4. The method of claim 3, wherein the degradable material is selected from the group consisting of a degradable polymer, a dehydrated salt, and any combination thereof.
5. The method of claim 1, wherein the subterranean formation is a carbonate formation and at least a portion of the particulates are composed of calcium carbonate.
6. The method of claim 1, wherein the subterranean formation is a siliceous formation and at least a portion of the particulates are composed of silicon dioxide.
7. The method of claim 1, wherein the particulates are micro-sized, nano-sized, and any combination thereof.
8. The method of claim 7, wherein the micro-sized particulates have an average particulate size in the range of about 1 μm to about 100 μm.
9. The method of claim 7, wherein the nano-sized particulates have an average particulate size in the range of about 1 nm to about 1000 nm.
10. The method of claim 1, wherein the particulates are present in the particulate-stabilized emulsion in an amount in the range of about 0.01% to about 15% by weight of the particulate-stabilized emulsion.
11. The method of claim 1, wherein the internal phase surfactant droplets are present in an amount in the range of about 0.01% to about 80% by volume of the particulate-stabilized emulsion.
12. The method of claim 1, wherein the particulate-stabilized emulsion further comprises an emulsifier.
13. The method of claim 13, wherein the emulsifier is present in the particulate-stabilized emulsion in an amount in the range of about 0.01% to about 5% by weight of the particulate-stabilized emulsion.
14. The method of claim 1, wherein the surfactant is selected from the group consisting of a non-ionic surfactant, an anionic surfactant, a cationic surfactant, a zwitterionic surfactant, and any combination thereof.

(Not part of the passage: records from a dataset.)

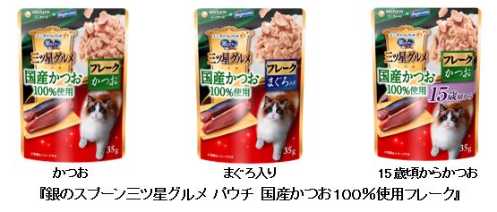 そこでこの度、日本の漁港で水揚げされた国産かつおを100%使用したフレークをゼリーに仕立てたねこ用ウェットフード『銀のスプーン三ツ星グルメパウチ 国産かつお100%使用フレーク』を2020年9月14日に全国で新発売します。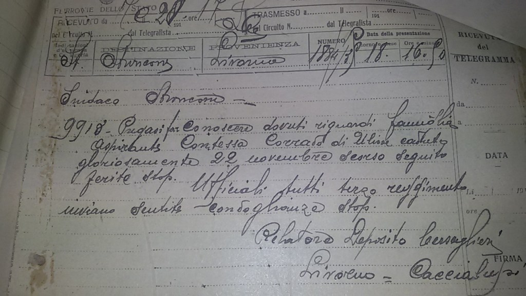 “60 morti e 16 dispersi, su una popolazione di 3900 abitanti”, giovani vite poco più che ventenni: pastori, artigiani e agricoltori. Il loro nome ora è inciso, come una lunga litania, su un ricordo marmoreo che, con il tempo, è diventato solo un arredo storico della piazza. I bambini che vi corrono intorno, le persone che lo citano come punto di riferimento e i proprietari di macchine parcheggiate che ci passano accanto , nell’indifferenza più assoluta… Il sentimento patriottico che, all’indomani dell’armistizio serpeggiò incessantemente per tutta la penisola, è finito nell’oblio del tempo.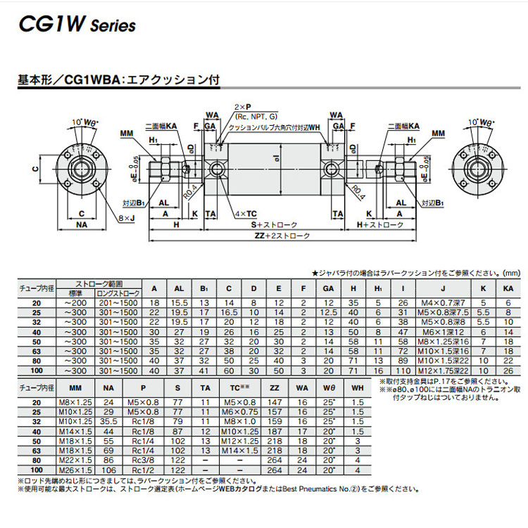 CG1WLA100-25Z,CG1WLA100-50Z,CG1WLA100-75Z,CG1WLA100-100Z,CG1WLA100-125Z,CG1WLA100-150Z,CG1WLA100-200Z,SMC雙桿雙作用氣缸
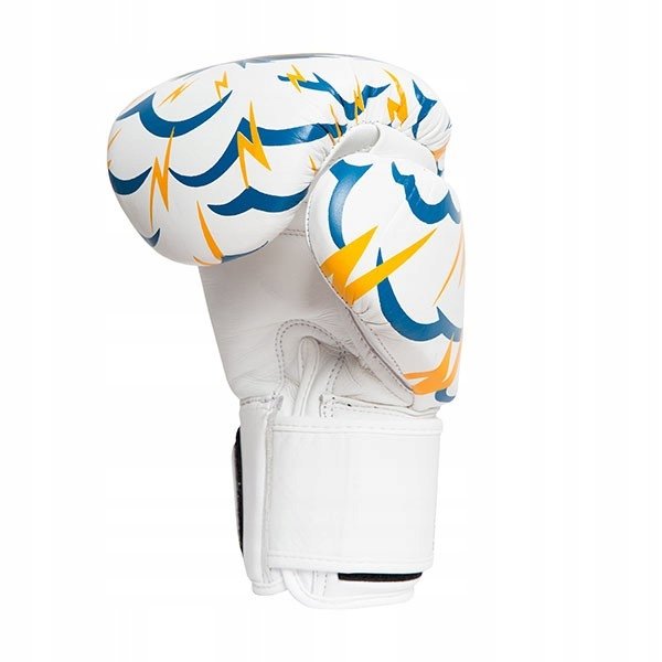 Biało-niebiesko-żółte rękawice Muay Thai ze skóry naturalnej StormCloud Blizzard MonsterCloud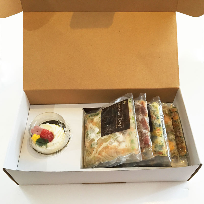 わんちゃんのために、特別に用意した6種類の手作りごはんに、ちょっとしたデザートをプラス。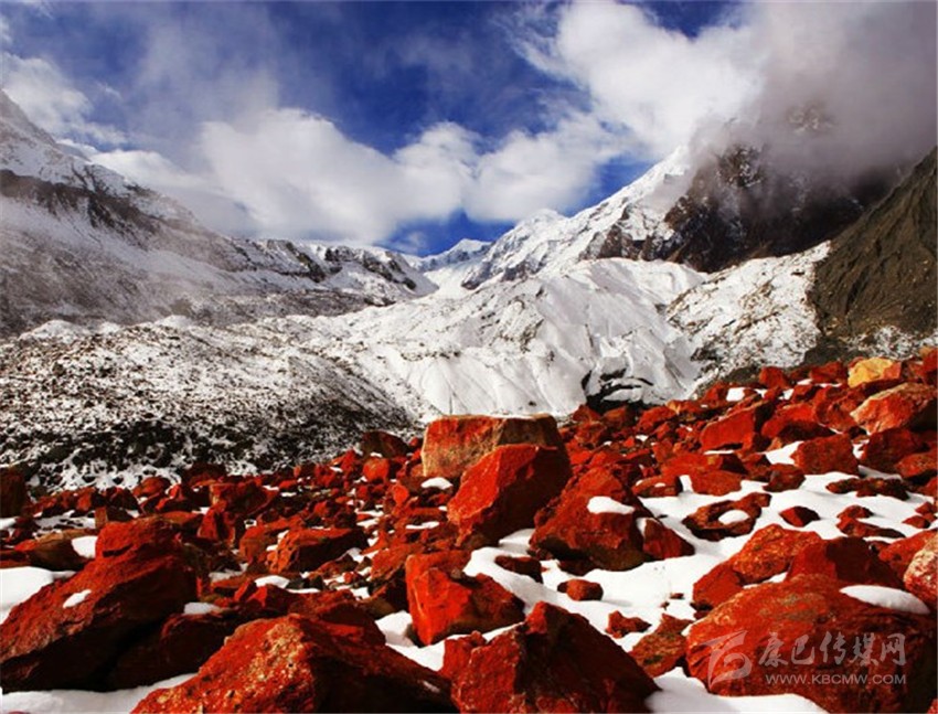 在積雪厚厚的遮掩之下,紅石灘永遠是震撼人心的風(fēng)景。在綿延數(shù)十公里的河谷中,在茫茫的積雪下,紅石絲毫不甘寂寞,處處顯露出它們火一般的色彩來,在藍天的映襯下更加鮮艷奪目,這般壯美的景象讓毛能之恍如走進另一個星球。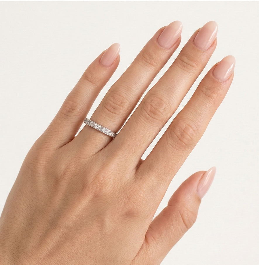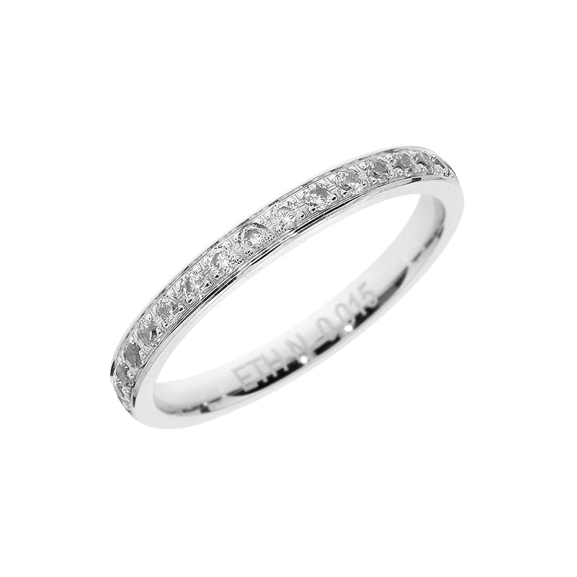 Tento elegantní snubní prsten pro ženy je vyroben z bílého 14karátového zlata o tloušťce 2,3 mm. Prsten se vyznačuje jednoduchým a lesklým designem zdobeným kulatými jemnými stupňovitě broušenými kameny o hmotnosti 0,255 ct v osazení. K dispozici s volitelnými kubickými zirkony nebo diamanty, nabízí nadčasovou eleganci a jemný třpyt.

15. The method of claim 1, wherein the external phase comprises a base fluid selected from the group consisting of an aqueous base fluid, an oil base fluid, a supercritical fluid, and any combination thereof.
16. A system comprising:
a tubular extending into a wellbore in a subterranean formation having a mineralogy profile; and
a pump fluidly coupled to the tubular, the tubular containing a particulate-stabilized comprising:
an external phase,
an internal phase comprising a surfactant, and
particulates at an interface between the internal phase and the external phase, thereby forming internal phase surfactant droplets surrounded with the particulates and suspended within the external phase,
wherein at least a portion of the particulates are composed of a mineral-containing material selected to mimic at least a portion of the mineralogy profile of the subterranean formation.
17. The system of claim 16, wherein the subterranean formation is a carbonate formation and at least a portion of the particulates are composed of calcium carbonate.

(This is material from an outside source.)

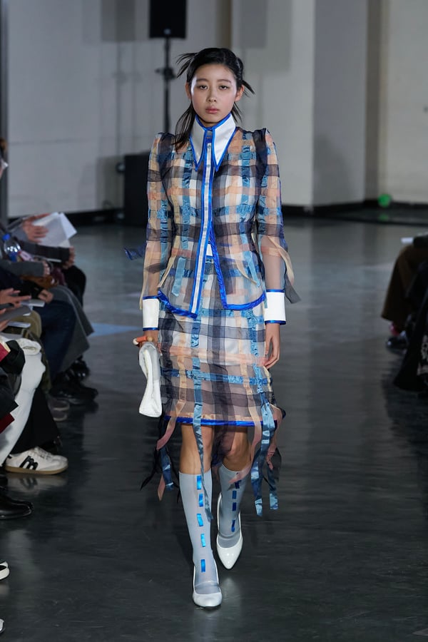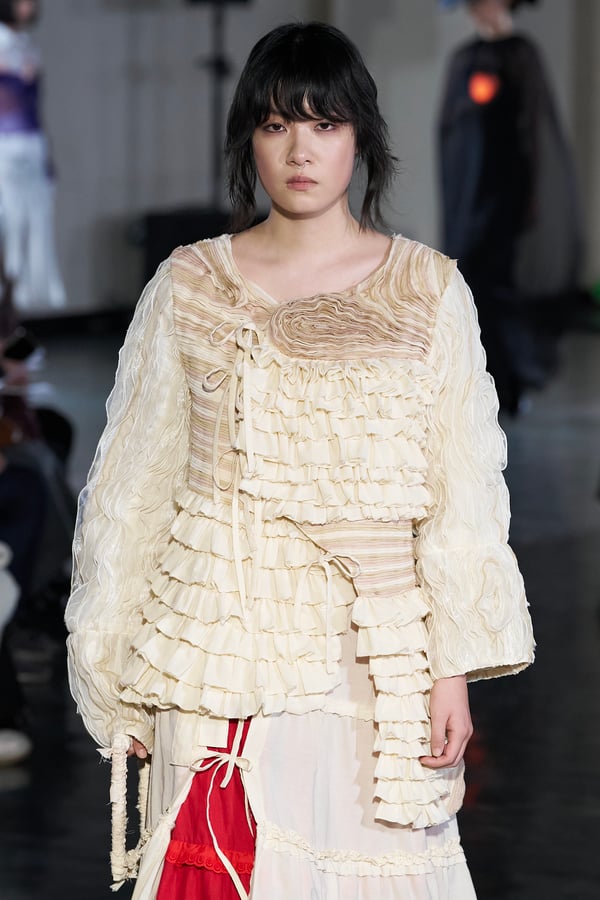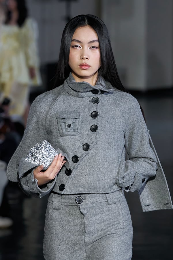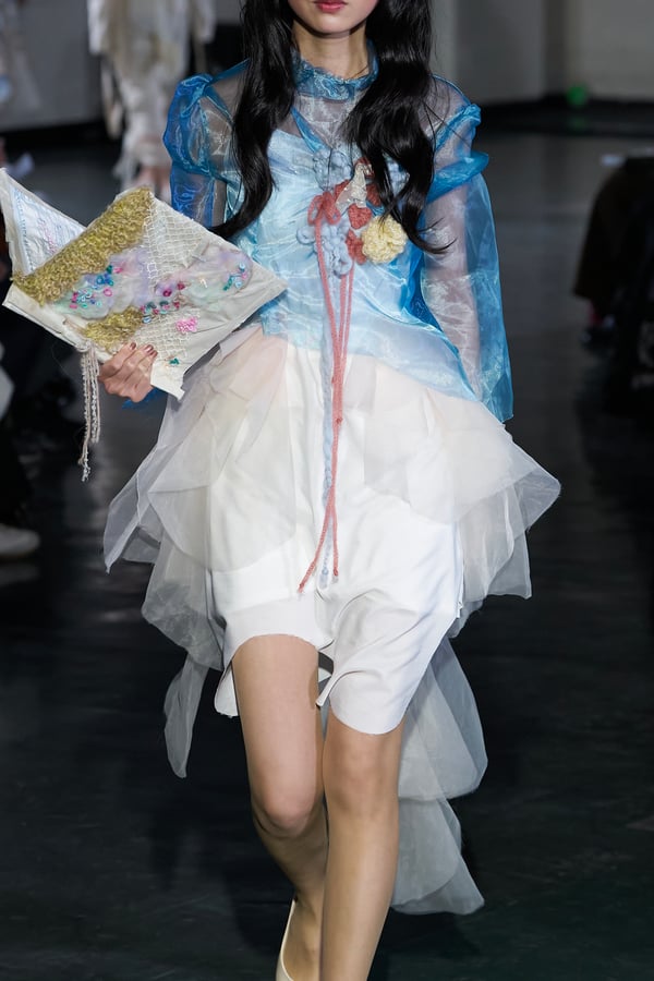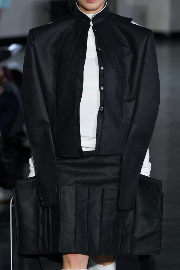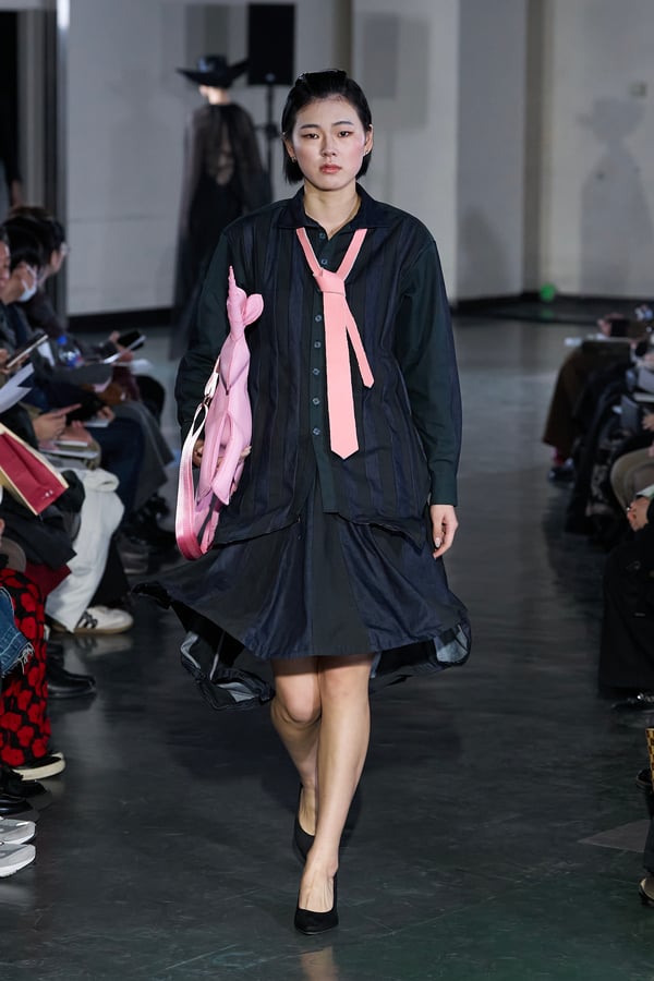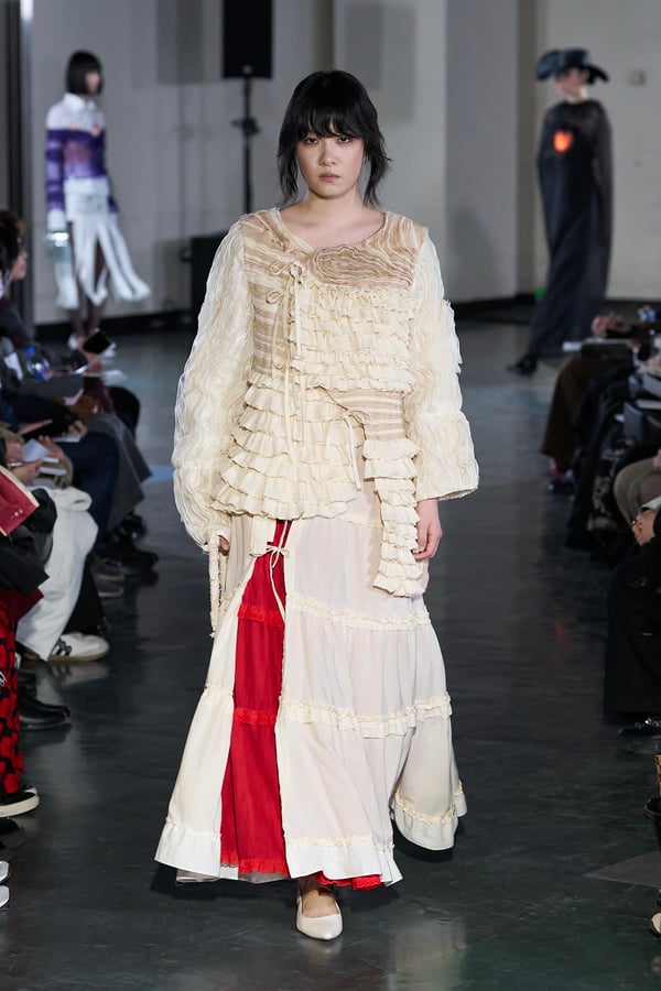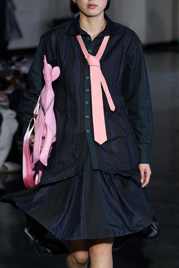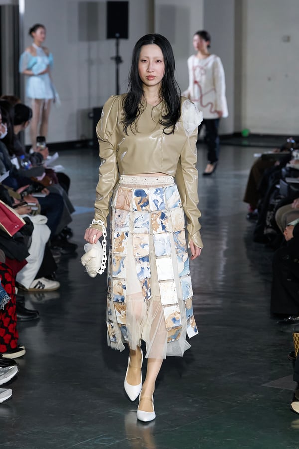 しかし、同研究会のスタンスは単なる「アンチ・トレンド」や「懐古主義」ではない。流行の速度自体は現代社会の不可避な前提として受け入れつつ、それに受動的に飲み込まれる個人の態度を問い直す。「全てに従うのでもなく、また全てを拒絶するのでもなく、流れの中に立ちながら、それと冷静に対峙すること」。この哲学が、全29体のルックを通して表現された。
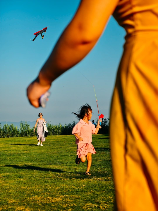 小朋友像夏天的风一样自由的奔跑,奔跑着让风筝迎着风飞起来,开心极了!

18. The system of claim 16, wherein the subterranean formation is a siliceous formation and at least a portion of the particulates are composed of silicon dioxide.
19. The system of claim 16, wherein the particulates are present in the particulate-stabilized emulsion in an amount in the range of about 0.01% to about 15% by weight of the particulate-stabilized emulsion.
20. The system of claim 16, wherein the internal phase surfactant droplets are present in an amount in the range of about 0.01% to about 80% by volume of the particulate-stabilized emulsion.